Mitchell Fox, ICAO chief of flight operations at the Air Navigation Bureau, said at the RAeS conference that once on the line, recurrent training for pilots and controllers will be increasingly shaped by evidence of training needs, rather than performance of statutory exercises which Harms calls "inventory-based training".

The new concept, known as evidence-based training, is already in use by some carriers such as Emirates. The use of line experience to determine what is required, and adopting the concept of training pilots to competency in particular manoeuvres or scenarios rather than only testing them on a pass/fail basis, will bring a new culture to recurrent training.

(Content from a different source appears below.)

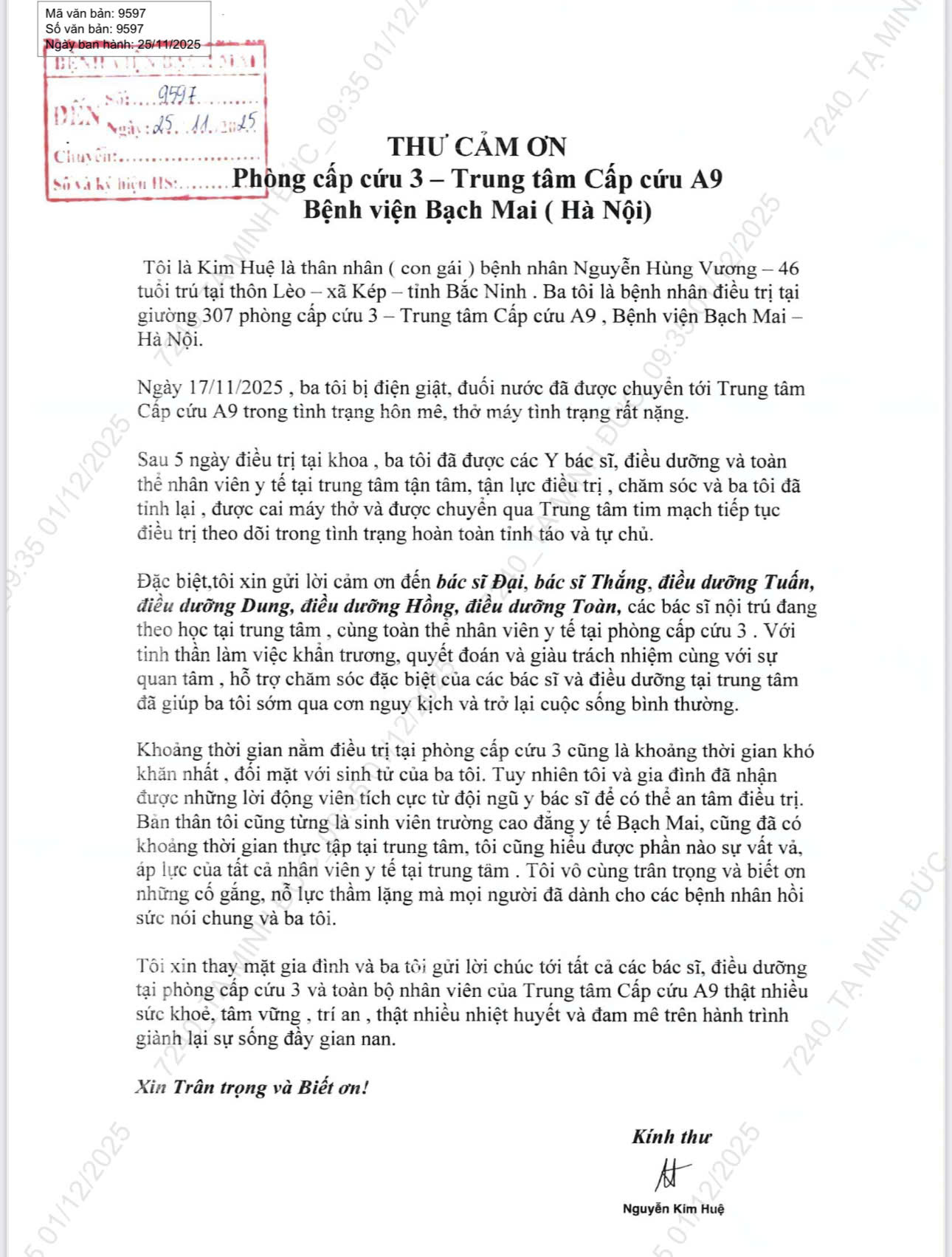 Trong lá thư gửi bệnh viện, bệnh nhân xúc động viết: “Trong lúc tôi vô cùng lo lắng và bối rối, chính hai bác sĩ đã không quản khó khăn, dành trọn tâm huyết để tìm ra căn nguyên thực sự của bệnh. Sự tận tâm ấy không chỉ cứu tôi về thể chất mà còn là nguồn động lực tinh thần lớn lao trong suốt thời gian nằm viện”.

Harms explains the basis for the new emphasis on competency-based - rather than hours-based - training that arrived with the MPL: "It is based on the insight that inventory-based training and the repetition of past accident scenarios is insufficient to prepare pilots and crews to successfully handle the infinite number of unforeseeable situations they might face and that only the existence and the continuous application of a set of core competencies enable pilots and crews to operate safely, efficiently and effectively, and manage the infinite number of abnormal situations in modern civil aviation."

The facts of modern aviation are that increased reliability will mean rarer technical occurrences, but increasing aircraft complexity also raises the chances that - when things do go wrong - the number of unforeseeable combinations of factors that could occur also increases.

Training, Harms argues, has to provide crews with the basic knowledge, skills and mental resilience to be able to deal with combinations of circumstances for which there is no checklist solution. It is proactive rather than reactive training, he adds, predicting: "Be assured, MPL will continuously grow. The recovery from the current crisis will augment this trend, provided that the international airline training and regulating community is able to facilitate a globally harmonised and standardised implementation."